WHO Points To Wildlife Farms In Southwest China As Likely Source of Pandemic (npr.org) 293

Thelasko shares a report from NPR: A member of the World Health Organization investigative team says wildlife farms in southern China are the most likely source of the COVID-19 pandemic. China shut down those wildlife farms in February 2020, says Peter Daszak, a disease ecologist with EcoHealth Alliance and part of the WHO delegation that travelled to China earlier this year. During that trip, Daszak says, the WHO team found new evidence that these wildlife farms were supplying vendors at the Huanan market in Wuhan with animals.

Daszak told NPR that the government response was a strong signal that the Chinese government thought those farms were the most probable pathway for a coronavirus in bats southern China to reach humans in Wuhan. Those wildlife farms, including ones in the Yunnan region, are a part of a unique project that the Chinese government has been promoting for 20 years now. "They take exotic animals, like civets, porcupines, pangolins, raccoon dogs and bamboo rats, and they breed them in captivity," says Daszak. The agency is expected to release the team's investigative findings in the next two weeks. In the meantime, Daszak gave NPR a highlight of what they figured out.
"China promoted the farming of wildlife as a way to alleviate rural populations out of poverty," Daszak says. The farms helped the government meet ambitious goals of closing the rural-urban divide, as NPR reported last year. "It was very successful," Daszak says. "In 2016, they had 14 million people employed in wildlife farms, and it was a $70 billion industry." Then on February 24, 2020, right when the outbreak in Wuhan was winding down, the Chinese government "put out a declaration saying that they were going to stop the farming of wildlife for food," says Daszak.

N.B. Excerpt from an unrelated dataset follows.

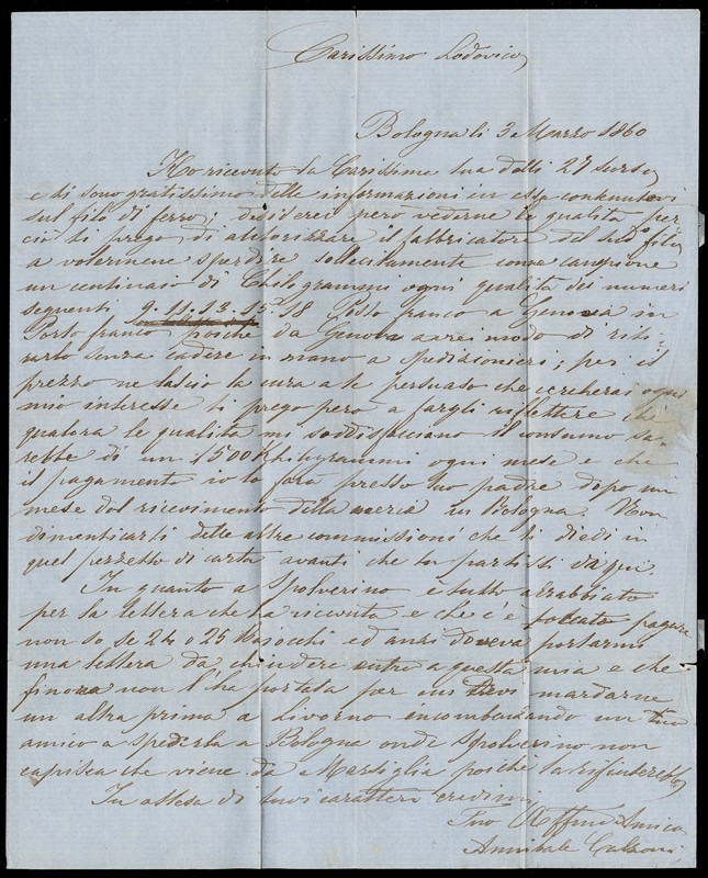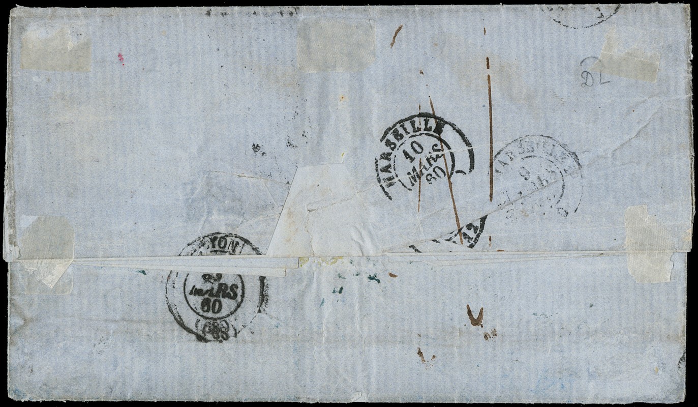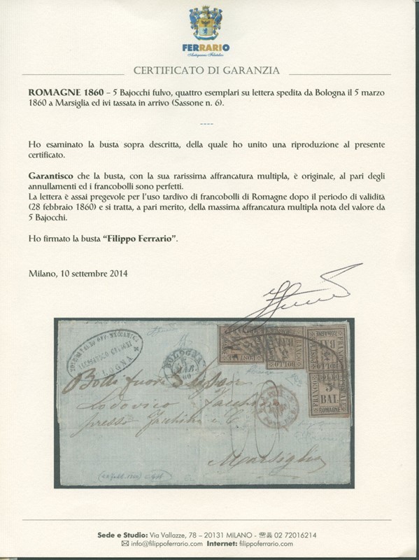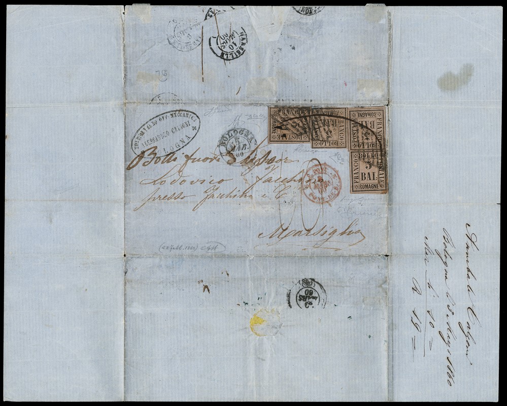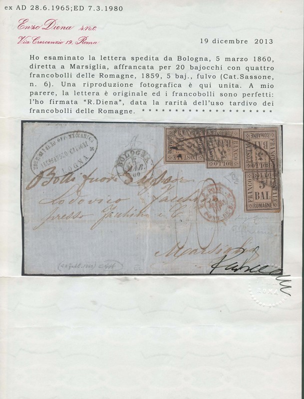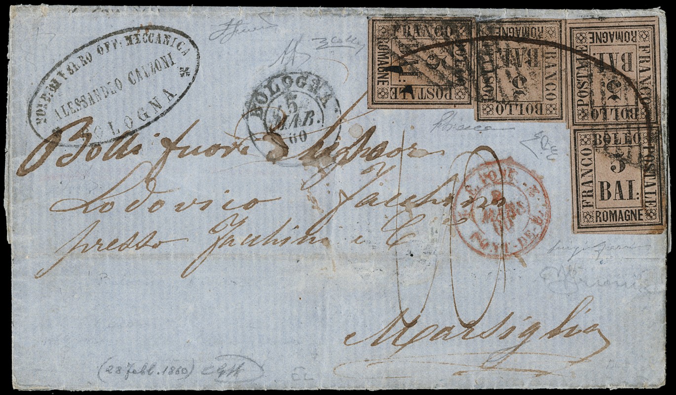 1859 - 5b violetto, quattro esemplari da 'BOLOGNA 5 MAR 60' per Marsiglia. Uso tardivo dei francobolli di Romagna, dopo il periodo di validita', e massimo multiplo noto del 5b su lettera. Oggetto di grande interesse storico postale e rarita'. CF Diena e Ferrario (Sassone 6 - Euro -)

The farms were then shut down. "They sent out instructions to the farmers about how to safely dispose of the animals -- to bury, kill or burn them -- in a way that didn't spread disease." Daszak thinks the government did this because these farms could be where the coronavirus jumped from a bat into another animal and then into people. During WHO's mission to China, NPR reports that "Daszak said the team found new evidence that these farms were supplying vendors at the Huanan Seafood Market in Wuhan, where an early outbreak of COVID occurred."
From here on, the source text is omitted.